COLLECTED DATA:
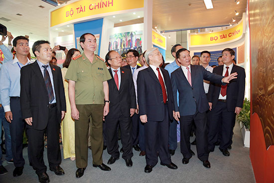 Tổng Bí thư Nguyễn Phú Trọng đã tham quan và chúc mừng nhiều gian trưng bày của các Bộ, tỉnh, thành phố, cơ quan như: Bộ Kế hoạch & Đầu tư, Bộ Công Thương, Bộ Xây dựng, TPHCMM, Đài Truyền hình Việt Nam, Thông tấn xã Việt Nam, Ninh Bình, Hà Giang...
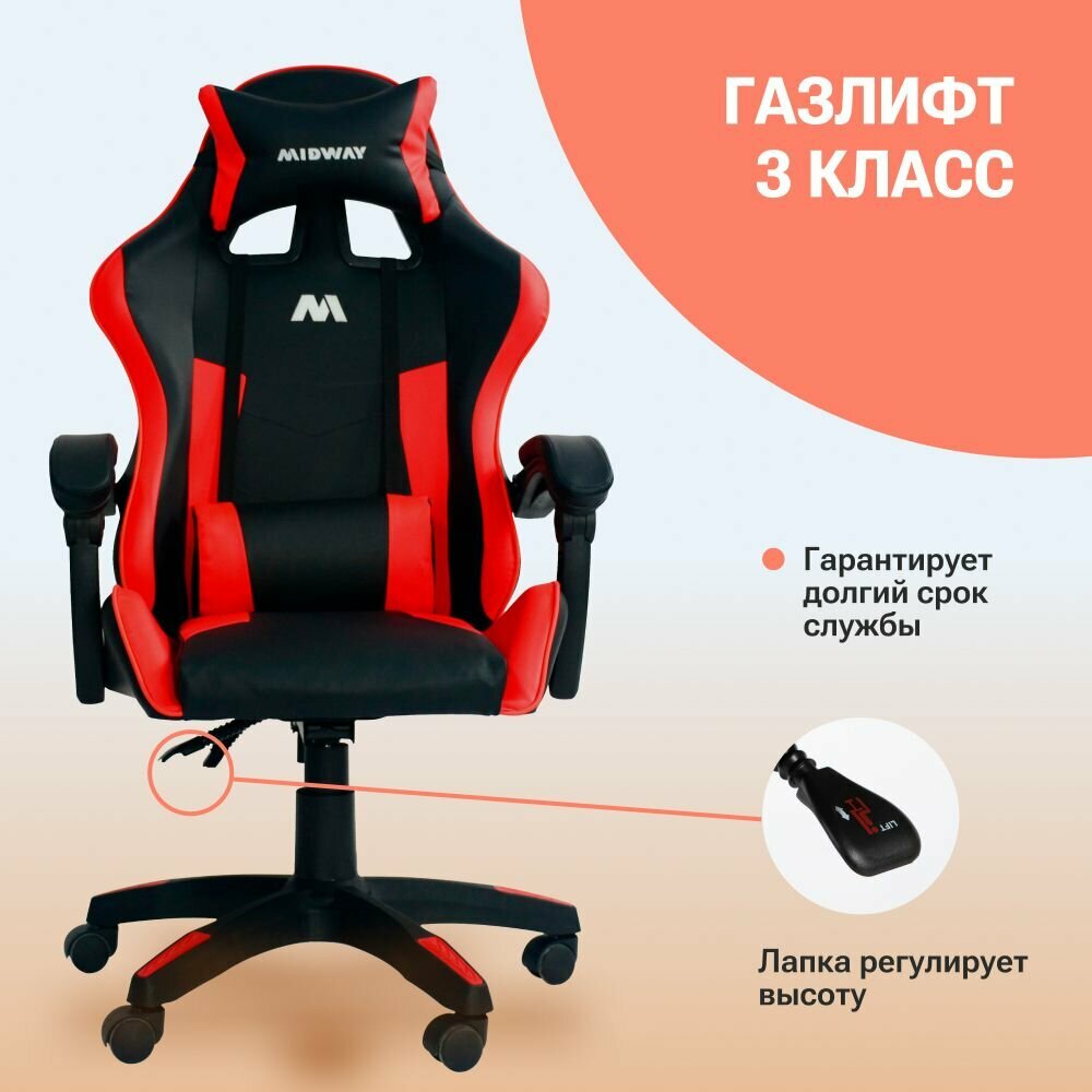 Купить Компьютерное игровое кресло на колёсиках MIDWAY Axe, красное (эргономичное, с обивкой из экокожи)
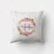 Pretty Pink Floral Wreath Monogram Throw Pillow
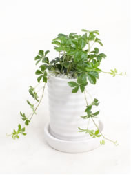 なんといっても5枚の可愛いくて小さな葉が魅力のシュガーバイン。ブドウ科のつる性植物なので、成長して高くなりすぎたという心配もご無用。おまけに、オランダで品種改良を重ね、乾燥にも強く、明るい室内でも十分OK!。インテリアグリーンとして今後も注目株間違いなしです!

TASK DESCRIPTION: Every line from the line containing "Купить Компьютерное игровое" through the last line above is to be printed exactly. Pictures are not copied.

ANSWER TO THIS EXERCISE:
 Купить Компьютерное игровое кресло на колёсиках MIDWAY Axe, красное (эргономичное, с обивкой из экокожи)
 Pretty Pink Floral Wreath Monogram Throw Pillow
 なんといっても5枚の可愛いくて小さな葉が魅力のシュガーバイン。ブドウ科のつる性植物なので、成長して高くなりすぎたという心配もご無用。おまけに、オランダで品種改良を重ね、乾燥にも強く、明るい室内でも十分OK!。インテリアグリーンとして今後も注目株間違いなしです!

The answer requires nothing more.